Universidad de Teherán desarrolló una tecnología ecológica para el monitoreo de contaminantes urbanos
Una nanomembrana magnética permite medir con precisión el contenido de compuestos tóxicos en muestras de aire, agua y suelo
Investigadores de la Universidad de Teherán han desarrollado un método analítico ecológico para detectar compuestos orgánicos volátiles peligrosos en el entorno urbano. La tecnología tiene como objetivo aumentar la eficacia del monitoreo ambiental. Así lo informa Mehr, socio de TV BRICS.
La nueva tecnología está diseñada para detectar benceno, tolueno, etilbenceno y xileno, conocidos bajo el nombre genérico de BTEX. Estas sustancias se encuentran entre los contaminantes ambientales más comunes.
En el estudio, los científicos de la Facultad de Ciencias Naturales de la universidad desarrollaron una nanomembrana magnética compuesta asimétrica para la extracción de compuestos BTEX antes de su análisis mediante cromatografía de gases y espectrometría de masas. Según los científicos, el sistema combina una alta eficiencia analítica con un menor impacto ambiental en comparación con los métodos tradicionales.

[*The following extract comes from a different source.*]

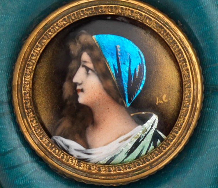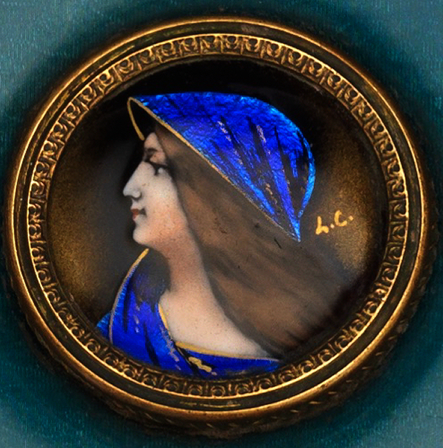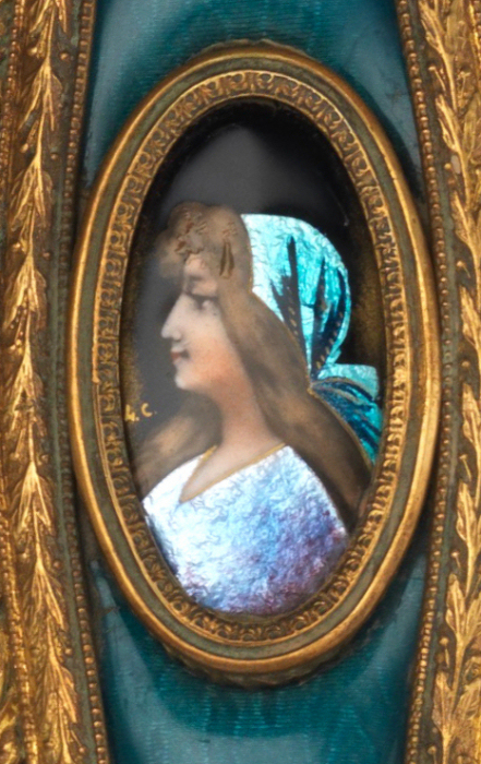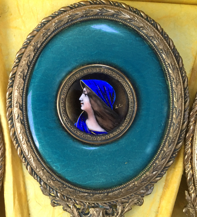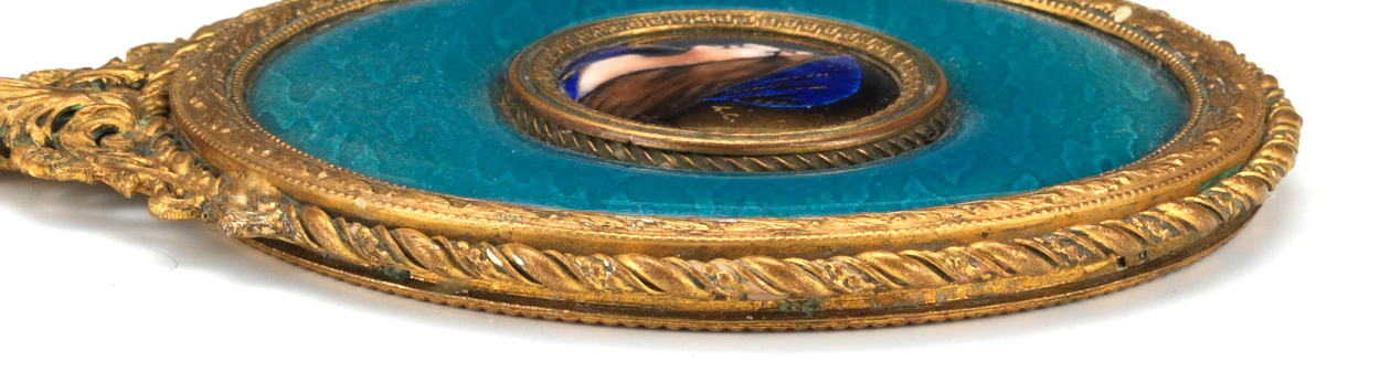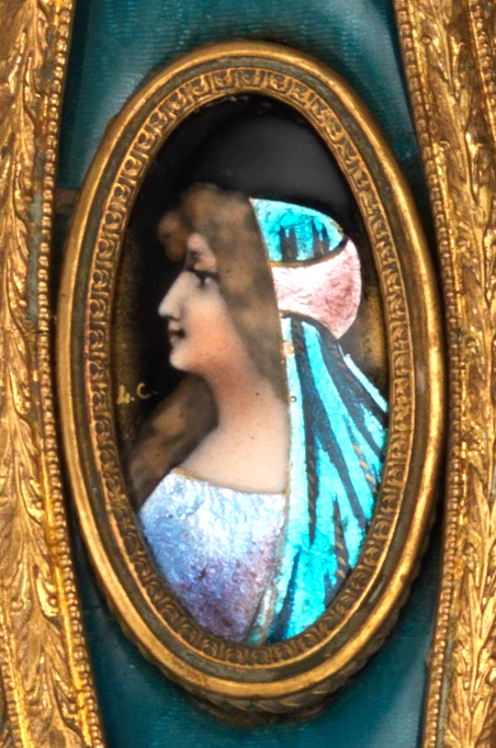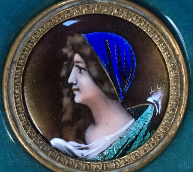This is one of my favorite vanity sets that I have ever owned. When I open the lid to the box, it just literally takes my breath away! The portraits are all richly painted in vibrant shades of blues but what does not show up in the photos is the iridescent foil back enamel used in their clothing and scarves that literally changes color and sparkles like jewels. I wish I could have captured that in the photos but the best I could do was to show the different colors that you will notice as you scroll through the pictures of the same items. The teal enamel guilloche surrounds are done to resemble moire silk ... it is just beautiful! The set consists of four brushes and one hand mirror, each stamped FRANCE, with bronze frames and foil back enamel portraits of beauties, each signed with the intials "H.C." or "L.C.". The set is in excellent condition with some areas of oxidation to gold (I have not polished as I prefer to leave the original gold patination intact for the purist). There are also some very faint fissures (small lines) in the enamel guilloche which you will see in the close-up photos. The beveled mirror is clear but does have some fogging from age and one area of loss at the bottom edge but still totally usable. This set is one of the most beautiful you will ever see! Measurements for each piece are given below. Box measures 12-1/2" x 10-3/4" x 3-1/4" high and opens at top and front. The box is lined in yellow paper which does show some signs of wear.
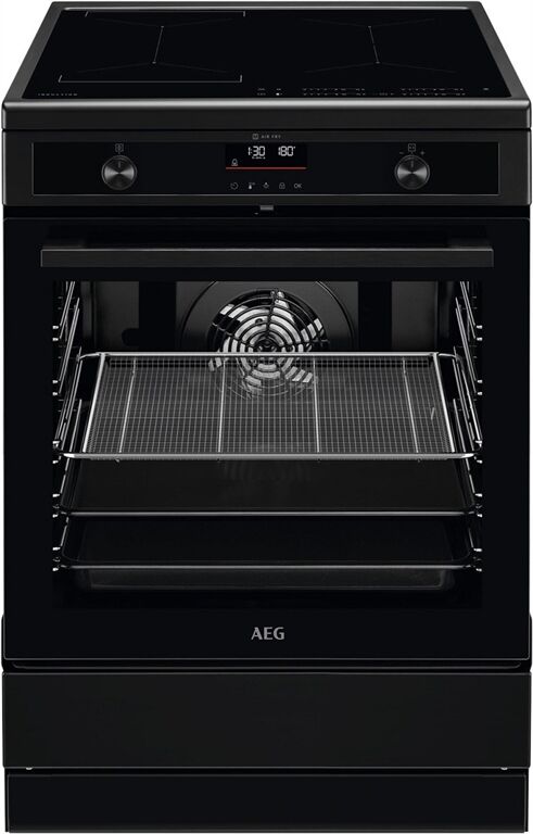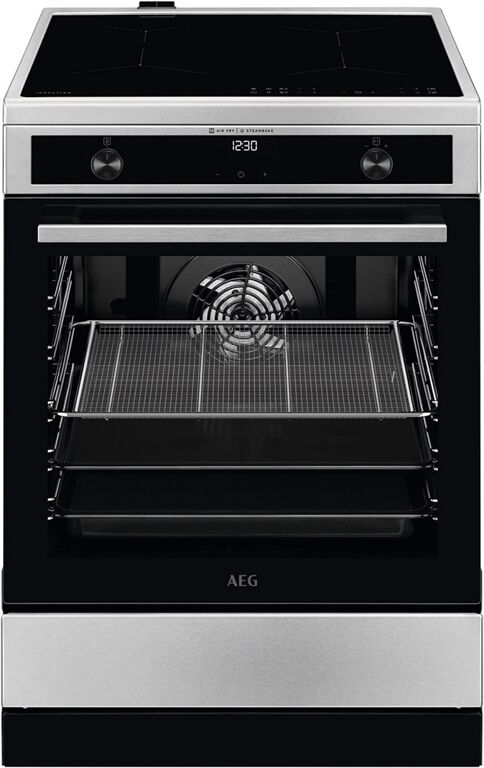 AEG - EAN: 7333394070995 - Präzises Erhitzen. Für perfektes Kochen Das Induktionskochfeld heizt schneller auf als andere Kochfelder. Es bringt Wasser schneller zum Kochen, und die Temperaturregelung ist so fein einstellbar, dass du selbst die raffiniertesten und anspruchsvollsten Gerichte mit Leichtigkeit zubereiten kannst. Induktionskochfeld. Eine kühlere Oberfläche für eine sicherere Küche Die intelligente Induktionstechnologie erhitzt das Kochgeschirr und die Lebensmittel darin - sonst nichts. Die Oberfläche um das Kochgeschirr herum bleibt kühl. Wenn du während des Kochens versehentlich das Kochfeld in der Nähe des Kochgeschirrs berührst, bleiben deine Finger unversehrt. SteamBake: Feuchtigkeitszugabe für optimale Backergebnisse Durch Aktivierung der SteamBake-Funktion und der Zugabe von 250 ml Wasser in die speziell beheizte Vertiefung im Backofenboden gibt dein AEG SteamBake Backofen während des Backvorgangs Feuchtigkeit in den Garraum ab. Der Teig geht besser auf und dein Gebäck wird knuspriger, saftiger und fluffiger. Köstlich knusprige Ergebnisse mit dem AirFry Backrost Genieße knusprige und köstliche Speisen mit weniger öl dank dem AirFry Backrost. Die spezielle Beschaffenheit des Backrosts ermöglicht eine optimale Zirkulation der Heißluft. Deine Gerichte werden von allen Seiten gleichmäßig gegart, außen knusprig gebacken und bleiben innen saftig zart. Multilevel Cooking. Selbe Back- und Garergebnise auf allen Ebenen. Multilevel Cooking mit zusätzlichem ... ![]() ![]() AEG CIB6643BBM (edelstahl) Stand-Elektroherd mit Induktionsfeld

Las pruebas de laboratorio mostraron una respuesta lineal del método en concentraciones de 10 a 10.000 microgramos por litro. Los límites de detección oscilaron entre 0,09 y 0,45 microgramos por litro, lo que permite identificar los contaminantes objetivo en concentraciones muy bajas. La desviación estándar relativa se situó en un rango del 2,5 % al 7 %, y los factores de enriquecimiento, entre 14,8 y 23,8, lo que demuestra la estabilidad del método y su eficacia para concentrar los compuestos objetivo antes del análisis.
Además, la membrana se probó en muestras reales recogidas de aire urbano, aguas superficiales y suelo. Los investigadores obtuvieron índices de recuperación aceptables para los cuatro grupos de contaminantes, lo que indica la posible aplicación del método más allá de las condiciones controladas de laboratorio. Las pruebas también mostraron que, después de siete ciclos consecutivos de uso, la membrana conservaba más del 90 % de sus características iniciales. Esto confirma la posibilidad de su reutilización sin una pérdida significativa de la eficiencia analítica.
Según los investigadores, la combinación de alta sensibilidad, posibilidad de reutilización y bajo impacto ambiental convierte a la tecnología en una alternativa práctica a los métodos tradicionales de monitoreo de compuestos orgánicos volátiles. Se espera que el desarrollo tenga aplicación en las megaciudades, donde la detección de sustancias tóxicas en concentraciones bajas es de gran importancia para la evaluación de la contaminación y la prevención de riesgos potenciales.